### Task directions
Each line from the one containing "Istaba (telpa Nr.2)" through the last line of the records is to be repeated exactly, with all pictures left out.

### Data shown
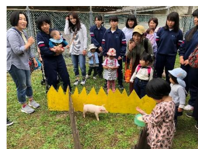
[動物との触れ合い体験]
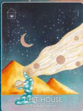
第1ハウス FIRST HOUSE 具現化
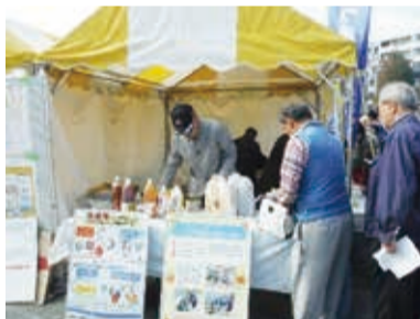
昨年の廃食油回収の様子

使用済みや期限切れの植物性食用油(廃食油)をペットボトルに入れて、当日会場へお持ちください。
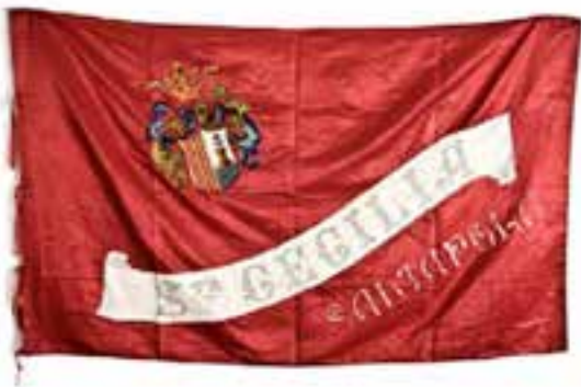
Imagen 2.1.3.20. - Estandarte banda

El Museo del Mar atesora el legado documental del Maestro Quisilant, músico y compositor de Santa Pola. Esta colección se compone esencialmente de partituras originales, aunque también se conservan libretos y otros elementos relacionados con la música y con la actividad profesional de este compositor.
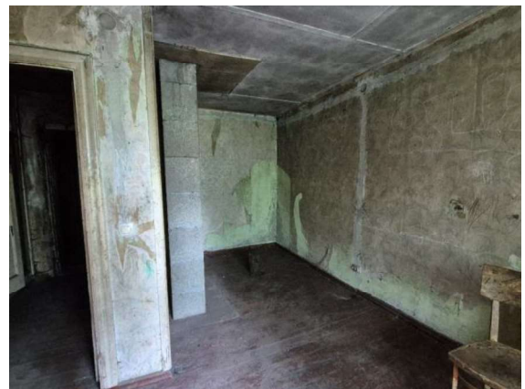
Istaba (telpa Nr.2)
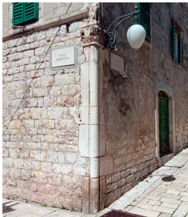
16 Ugaoni stup na kući u Uskočkoj ulici 2 Corner column on the house at 2 Uskočka ulica
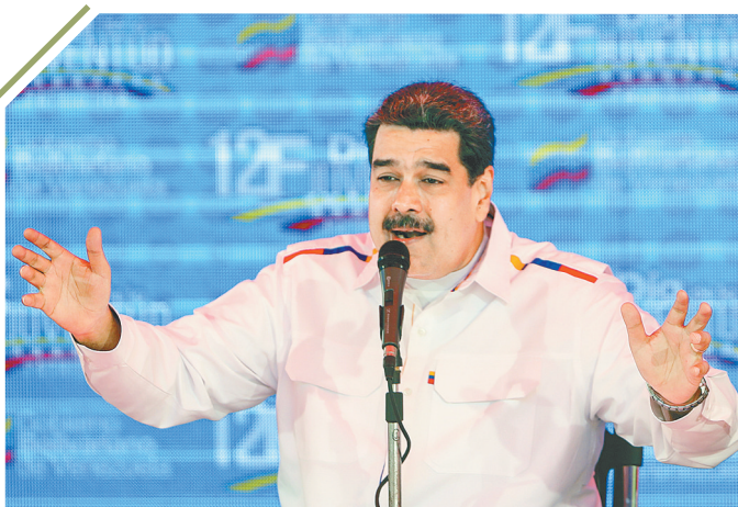
2月12日,在委内瑞拉首都加拉加斯,委总统马杜罗在委内瑞拉青年节活动上向支持者发表讲话。委总统马杜罗12日下午在首都加拉加斯表示,希望委内瑞拉远离战争威胁并保持和平现状。

美联社报道,这两份草案暂时没有在安理会传阅,不清楚是否会予以讨论和表决。新华社特稿
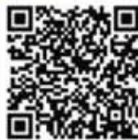
Apps QR Code

隨著現今資訊科技發達，智能手機應用日益普及，比賽透過新穎的方式，用創意設計Apps的概念框架，推廣環保。本會收到46份本地學生參賽作品，當中優勝作品更轉化為Apps，名為「樂活九龍」，於7月份成功上架，公開讓市民免費下載。Apps內容主要以遊戲及資訊提供的方式向市民展示如何從日常生活中節能減碳。
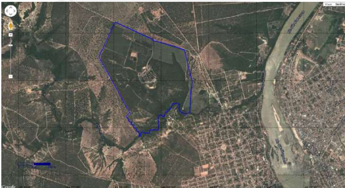
Foto 01- Localização do Empreendimento em relação às cidades de Buritizeiro e Pirapora.
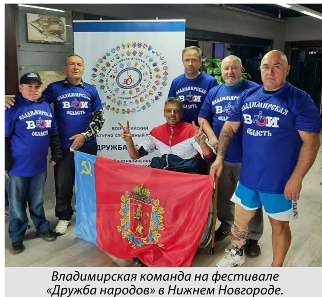
Владимирская команда на фестивале «Дружба народов» в Нижнем Новгороде.

за инвалидов (РССИ) и отделением Общероссийской общественной организации «Федерация настольных спортивных игр». Также партнером ВООО ВОИ является Федерация спорта лиц с поражением опорно-двигательного аппарата Владимирской области.
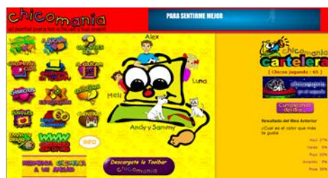
Gráfico n° 3: Chicomania.com

### Solution to the problem
Istaba (telpa Nr.2)
16 Ugaoni stup na kući u Uskočkoj ulici 2 Corner column on the house at 2 Uskočka ulica
2月12日,在委内瑞拉首都加拉加斯,委总统马杜罗在委内瑞拉青年节活动上向支持者发表讲话。委总统马杜罗12日下午在首都加拉加斯表示,希望委内瑞拉远离战争威胁并保持和平现状。

美联社报道,这两份草案暂时没有在安理会传阅,不清楚是否会予以讨论和表决。新华社特稿
Apps QR Code

隨著現今資訊科技發達，智能手機應用日益普及，比賽透過新穎的方式，用創意設計Apps的概念框架，推廣環保。本會收到46份本地學生參賽作品，當中優勝作品更轉化為Apps，名為「樂活九龍」，於7月份成功上架，公開讓市民免費下載。Apps內容主要以遊戲及資訊提供的方式向市民展示如何從日常生活中節能減碳。
Foto 01- Localização do Empreendimento em relação às cidades de Buritizeiro e Pirapora.
Владимирская команда на фестивале «Дружба народов» в Нижнем Новгороде.

за инвалидов (РССИ) и отделением Общероссийской общественной организации «Федерация настольных спортивных игр». Также партнером ВООО ВОИ является Федерация спорта лиц с поражением опорно-двигательного аппарата Владимирской области.
Gráfico n° 3: Chicomania.com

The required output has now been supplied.